The issue with skills is, they are a one time thing, so you really can't use skills to correct haviorial issues.

by sdesol

7/5/2026 at 8:52:05 AM

Tools come with a tool description in json schema format, but yes your point stands, it is not enough for opus 4.8 which I've also noticed having tool call issues.

by Bolwin

7/5/2026 at 1:40:12 AM

I do not need to waste tokens on skills, I use Claude Code hooks.

Have a look at the TDD guard at https://codeleash.dev - the scripts/tdd_log.py arguments are pretty specific but it also has guidance in CLAUDE.md and lots of helpful error messages.

by cadamsdotcom

7/5/2026 at 4:37:31 AM

May I know when should skills be used over hooks and vice versa?

by 8cvor6j844qw_d6

7/5/2026 at 6:41:28 AM

Hooks provide determinism.

Hooks can run code.

Hook code can be written in advance by the agent, runs in milliseconds, costs zero tokens, and gives the same result everytime.

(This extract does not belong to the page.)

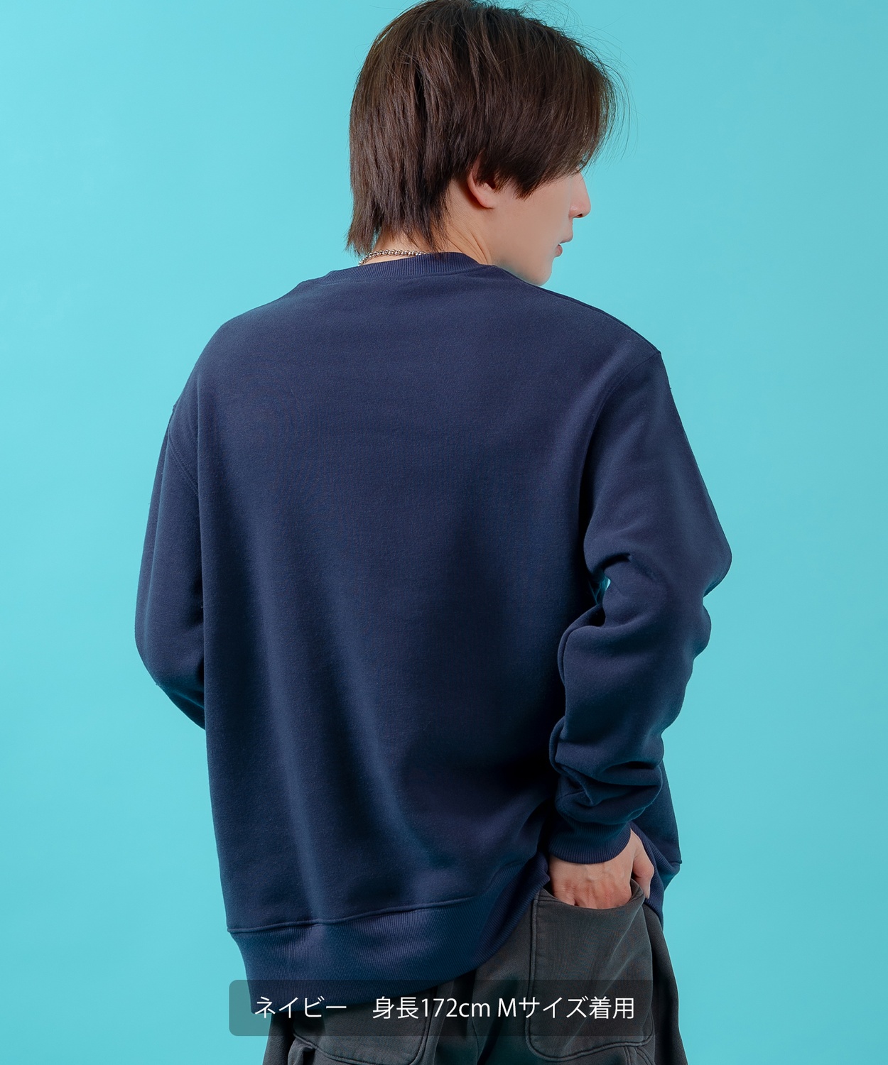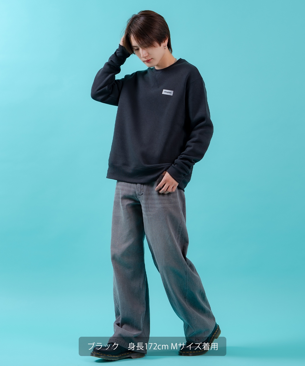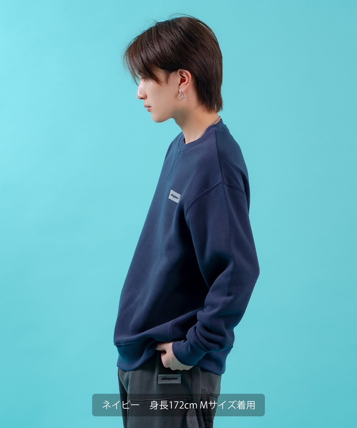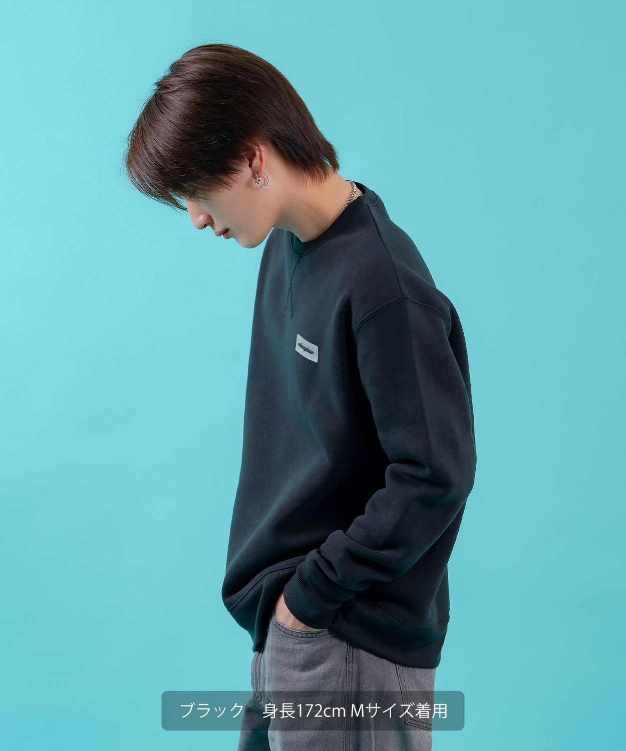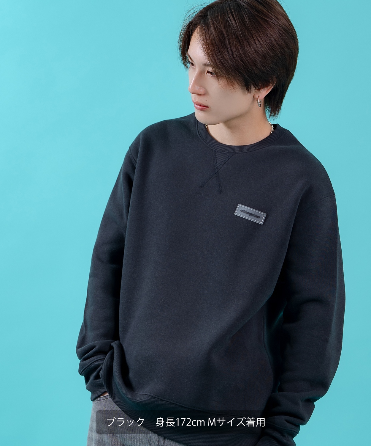 Item Info 立体的な質感が目を引く、洗練されたシリコンワッペン付き裏起毛トレーナー。 ●胸元のシリコンワッペンがテックなアクセント ●首元を補強するVガゼット風のステッチワーク ●保温性に優れたふんわりと柔らかい裏起毛素材 ●ゆったりとした今どきのビッグシルエット 無機質でモダンな印象を与えるシリコン素材のロゴワッペンを胸元に配置した一着。 シンプルながらも異素材の組み合わせが個性を放ちます。 首元のガゼットデザインがクラシックなスウェットのディテールを踏襲しつつ、都会的なストリートスタイルに昇華。 デニムやカーゴパンツと合わせたストリートスタイルはもちろん、スラックスでモードに外す着こなしもおすすめです。 Item Size

Agents live at the boundary of codification; anything codifiable should be codified rather than run through an unpredictable machine. Hence, use hooks when you want determinism & predictability & certainty.

Examples: your stop hook could run tests against the code that’s just been written. Now, if your agent docs also tell your agent that the stop hook will run tests and there’s no need to run tests itself, then it’ll trigger a stop when it’s done instead of running tests itself. Just be sure to change the exit code to 2 and route the test failure output to stderr so Claude Code will show that output to the agent. Because the stop hook will fail over and over until tests pass, you just created a very simple guard that guarantees tests pass before you see the code - your agent can’t stop working without passing tests!

by cadamsdotcom

7/5/2026 at 5:57:29 AM

Hooks are for doing AoP style wrapping of your interactions with the harness. Type /hook on the console see what is available. Have CC analyze your session and suggest converting part of your workflow to a hook, and then have it test it.

by thx67

7/5/2026 at 5:54:30 AM

This maneuver requires you to anticipate all the edge cases or error messages beforehand which is practically not possible in many situations. The moment something unanticipated happens or the model changes its processing logic, the tool call system stops working just like any other deterministic program or tool.

by pyeri

7/5/2026 at 7:21:48 AM

> This maneuver requires you to anticipate all the edge cases or error messages beforehand which is practically not possible in many situations. The moment something unanticipated happens or the model changes its processing logic, the tool call system stops working just like any other deterministic program or tool.

Not all; error messages are part of UX design, and the user error message should always give an error that indicates what the user can do to fix the problem.

If you cannot open a file for writing, don't just return "error: cannot open MyFile.txt", return "MyFile.txt: permission denied" (so user can request additional permissions from whoever), "MyFile.txt: no space left on device" (so user can free up some space), "Myfile.txt: file exists and is a directory" (So user can retry with a different name, or remove the directory, etc).

I think what is happening now is that, with so many of the agent-using pool of devs having never shipped to end-users before, they are surprised that their "program" (the tool) is being used wrong by the end-user (the LLM).

Those of us with battle-scars already expect the user to use it wrong and have learned that it's easier to tell the user how to fix the problem than to ask the user to read the manual/do it the correct way.

by lelanthran

7/5/2026 at 10:40:20 AM

So much this. I tell my juniors: To a beginner programmer, errors are 'the end'. They feel they did their best, it is not their fault and that is the error message they print. Experienced programmers know the user struggle, for them an error message is 'a beginning'. The first step of the user striving to solve the problem. They gave that command and they did not give it to fail. They (the users) still want to teach their goal.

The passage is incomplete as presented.